Candidates for Santa Clara County Sheriff have been squaring off on homelessness, crime, police accountability and the potential new jail in a series of debates and open forums before voters head to the polls on Nov. 8.
Smith announced her plans on March 10, 2022, to retire at the end of her term in January of 2023 in an email to Sheriff’s Office staff. She is currently in a civil corruption trial after allegations were made that Smith favored donors in awarding concealed carry permits. The trial began Sept. 21 and is expected to continue through November.
Robert “Bob” Jonsen worked as a law enforcement officer in Los Angeles for 27 years from 1986 to 2013. Jonsen was then chief of police in Menlo Park from 2013 to 2018, and served as Palo Alto’s chief of police until June of 2022, when current Police Chief Andrew Binder was selected to take over the role.
Kevin Jensen also has a more than 30-year history with law enforcement, and worked as assistant chief in the Department of Corrections and in several other positions within the Santa Clara County Sheriff’s Office.
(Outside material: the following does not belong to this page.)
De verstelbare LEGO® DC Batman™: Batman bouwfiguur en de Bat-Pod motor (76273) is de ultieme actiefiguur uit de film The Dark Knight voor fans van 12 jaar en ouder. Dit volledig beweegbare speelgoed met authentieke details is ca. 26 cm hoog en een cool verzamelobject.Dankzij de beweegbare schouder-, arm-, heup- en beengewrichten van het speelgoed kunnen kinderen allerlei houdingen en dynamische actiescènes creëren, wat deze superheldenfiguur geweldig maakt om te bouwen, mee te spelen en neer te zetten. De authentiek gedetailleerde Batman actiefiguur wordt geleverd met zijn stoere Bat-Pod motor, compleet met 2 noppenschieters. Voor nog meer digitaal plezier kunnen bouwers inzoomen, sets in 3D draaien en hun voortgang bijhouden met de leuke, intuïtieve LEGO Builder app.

Jensen has the endorsement of numerous police unions and the Deputy Sheriff’s Association of Santa Clara County, as well as State Senator Dave Cortese and Santa Clara County Supervisor Mike Wasserman.
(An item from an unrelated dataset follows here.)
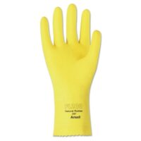Hy-Care Gloves, 10, Natural Latex, BlueAnsell Hy-Care Gloves Flexible and durable glove useful for a wide range of jobs including food handling and chemical protectionSoft-knit cotton liner helps keep hands and fingers comfortable in hot or cold environmentsExcellent grip for wet applicationsExcellent dexterityStays flexible in cold temperatures (as low as -25°F, depending on contact time…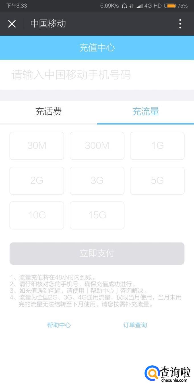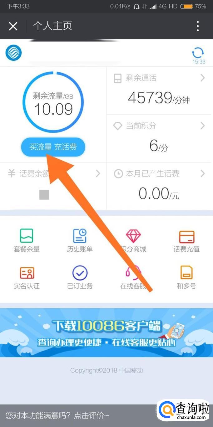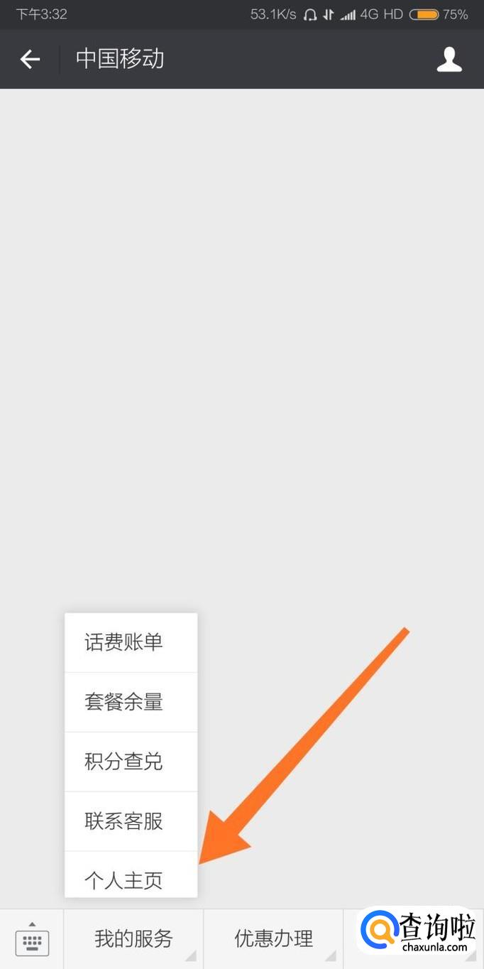 第二种方法是进入中国移动的微信公众号,点击菜单栏“我的服务”,然后进入“个人主页”。再在“个人主页”点击“买流量”,最后根据自己的需要购买流量即可。

While Jonsen isn’t endorsed by any of the police unions, he is endorsed by many members of law enforcement including several former chiefs of police. Jonsen also received a Gun Sense Candidate Distinction from the group Moms Demand Action, a grassroots group working to end gun violence through public safety legislation.
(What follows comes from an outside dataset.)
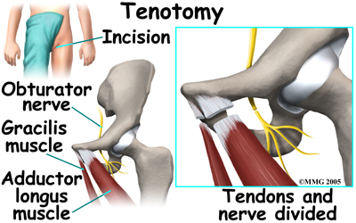 Sometimes, adequate motion cannot be regained with traction and physical therapy alone, therefore in some cases, surgery will be required to obtain adequate containment. If the condition is longstanding, the muscles may have contracted or shrunk and cannot be stretched back out. To help restore motion, the surgeon may recommend a tenotomy of the contracted muscles. When a tenotomy is performed, the tendon of the muscle that is overly tight is cut and lengthened. This is a simple procedure that requires only a small incision. The tendon eventually scars down in the lengthened position, and no functional loss is noticeable.

The biggest issue both candidates addressed in debates and forums is police accountability. In the wake of the corruption lawsuit against Laurie Smith, allegations of abuse against inmates in Santa Clara County jail, and increased scrutiny of police use of force in the wake of the murder of George Floyd, both candidates agreed that police accountability is important to public safety.
In a debate moderated by reporter Sue Dremann and editor Jocelyn Dong of the Palo Alto Weekly, Bob Jonsen said transparency about use of force and an open relationship with Mike Genaco, chief attorney of the Office of Independent Review, are linchpins in his plan for police accountability.
“Operationally one of the biggest issues is the lack of progress around accountability and transparency, Jonsen said. “That relationship with Mike Gennaco…is critically important for public trust.”
Jonsen said that he would like to expand the scope of civilian oversight to include all uses of force, and not just the uses of force that lead to an investigation.
Kevin Jensen said that while he agrees with transparency being a key point of accountability, he wants to ensure that any information given over for review doesn’t “run afoul of personnel laws.”
Working with the Blue Ribbon Commission established in 2015 by the Santa Clara County Board of Supervisors to improve custody operations after allegations of abuse at the county jail, Jensen said he was able to give 35 correctional officers the ability to testify without having their identities disclosed, which increased transparency about jail conditions.
“What we’re talking about now is changing the process to say ‘we will be transparent, we’re going to work with you, you’re going to work with us to make sure we don’t run afoul of personnel laws, that we’re giving us something that legally we can’t give out,’” Jensen said.
In discussing crime prevention, specifically and theft deterrence, Jensen said that entities receiving stolen property like auto parts need to be regulated and monitored, creating a database of people bringing in potential stolen property to be exchanged for cash.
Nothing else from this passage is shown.